Alaska Native Science and Engineering Program to expand high school component

Acceleration Academy allows students to earn both a high school diploma and a bachelor’s degree in five years. (Photo courtesy of the Alaska Native Science and Engineering Program.)

The Alaska Native Science and Engineering Program at the University of Alaska has received $5 million to expand its high school component to Dillingham, Kotzebue and Juneau.

The program’s Acceleration Academy allows students to earn both a high school diploma and a bachelor’s degree in five years. It’s currently offered at the university’s Anchorage, Bethel and Matanuska-Susitna campuses.

Program founder and vice provost Herb Schroeder said it helps the state and families save money.

“The cost to government for a graduate from our university is around $300,000, and the cost to government for students to graduate from Acceleration is $88,000,” he said. “We want to make this opportunity available for every single student in the state.”

Schroeder started ANSEP after seeing how many students from rural communities were unprepared for college math and science classes. The first Acceleration Academy started in the Mat-Su in 2015.

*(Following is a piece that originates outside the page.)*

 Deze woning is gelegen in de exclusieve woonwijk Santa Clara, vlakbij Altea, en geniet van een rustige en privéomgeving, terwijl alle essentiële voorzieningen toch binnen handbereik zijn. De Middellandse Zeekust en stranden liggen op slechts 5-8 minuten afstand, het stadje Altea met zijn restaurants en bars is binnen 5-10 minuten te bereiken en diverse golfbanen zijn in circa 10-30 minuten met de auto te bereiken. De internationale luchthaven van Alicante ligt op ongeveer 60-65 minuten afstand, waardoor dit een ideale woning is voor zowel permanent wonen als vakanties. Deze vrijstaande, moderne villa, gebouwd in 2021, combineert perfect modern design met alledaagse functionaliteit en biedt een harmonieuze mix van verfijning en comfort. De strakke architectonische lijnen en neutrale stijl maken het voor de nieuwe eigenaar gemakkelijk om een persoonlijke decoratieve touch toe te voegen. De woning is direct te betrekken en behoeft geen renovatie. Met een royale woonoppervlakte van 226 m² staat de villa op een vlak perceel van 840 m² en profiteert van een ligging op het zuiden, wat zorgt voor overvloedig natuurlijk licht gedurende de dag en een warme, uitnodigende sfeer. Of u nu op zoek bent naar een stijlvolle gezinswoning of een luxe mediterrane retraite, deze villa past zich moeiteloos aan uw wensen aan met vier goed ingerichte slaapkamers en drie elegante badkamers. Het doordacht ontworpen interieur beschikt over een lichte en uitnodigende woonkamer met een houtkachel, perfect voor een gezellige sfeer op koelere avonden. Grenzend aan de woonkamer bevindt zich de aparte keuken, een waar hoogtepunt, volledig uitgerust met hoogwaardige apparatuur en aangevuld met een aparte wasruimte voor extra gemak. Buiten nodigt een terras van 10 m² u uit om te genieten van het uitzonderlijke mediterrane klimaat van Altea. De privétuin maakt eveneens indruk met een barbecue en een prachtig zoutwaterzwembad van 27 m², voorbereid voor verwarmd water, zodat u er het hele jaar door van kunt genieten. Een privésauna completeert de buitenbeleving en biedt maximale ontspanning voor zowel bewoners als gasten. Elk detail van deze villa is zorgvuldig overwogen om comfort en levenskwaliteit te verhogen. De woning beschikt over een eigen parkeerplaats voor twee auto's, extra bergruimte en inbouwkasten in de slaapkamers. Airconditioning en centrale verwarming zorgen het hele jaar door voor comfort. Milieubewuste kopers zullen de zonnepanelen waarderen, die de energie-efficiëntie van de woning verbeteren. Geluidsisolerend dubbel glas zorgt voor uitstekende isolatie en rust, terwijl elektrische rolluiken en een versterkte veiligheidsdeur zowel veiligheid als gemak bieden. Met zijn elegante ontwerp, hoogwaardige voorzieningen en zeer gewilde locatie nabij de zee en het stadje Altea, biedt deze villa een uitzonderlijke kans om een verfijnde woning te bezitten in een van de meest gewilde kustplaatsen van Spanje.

Acceleration Academy students spend about half of their day in traditional classes, and the other half working together on projects or in study groups. Schroeder said about 70% of ANSEP’s students are Alaska Native.

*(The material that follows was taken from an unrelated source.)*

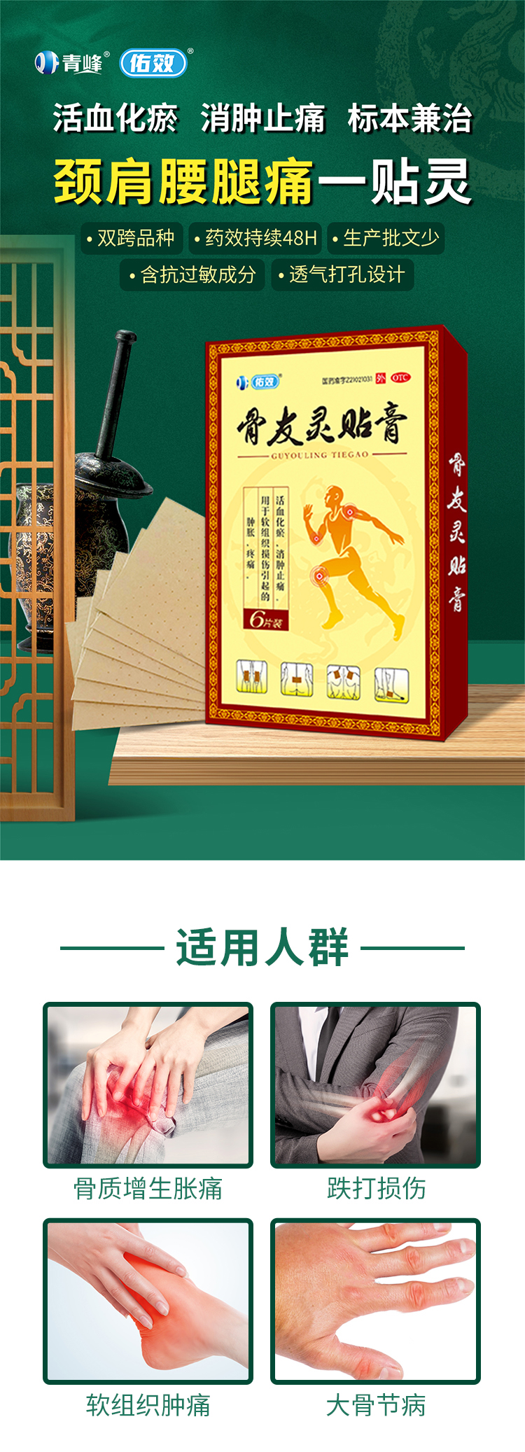 1、骨質(zhì)增生脹痛:骨友靈貼膏+抗骨增生片

“This whole idea of collaboration came out of Alaska Native culture, where everyone works together to be successful,” he said. “If you live in the village, everybody depends upon each other.”

Some student housing is available at the Bethel location. The funding will also allow the university to offer student housing at the Anchorage campus, which, Schroeder said, will make it more accessible.

“There’s a lot of students who live in communities that don’t have access to those rural campuses that the university has,” he said. “And they can come in starting in 9th grade and live in our residence halls and attend the Acceleration Academy we have on our campus here.”

The Dillingham, Kotzebue and Juneau programs will begin this fall. Next, Schroeder hopes to expand even further — to Kodiak, Nome and Fairbanks. Schroeder’s goal is to offer the program in every community with a University of Alaska campus, which also includes Soldotna, Homer, Palmer, Valdez, Ketchikan and Sitka.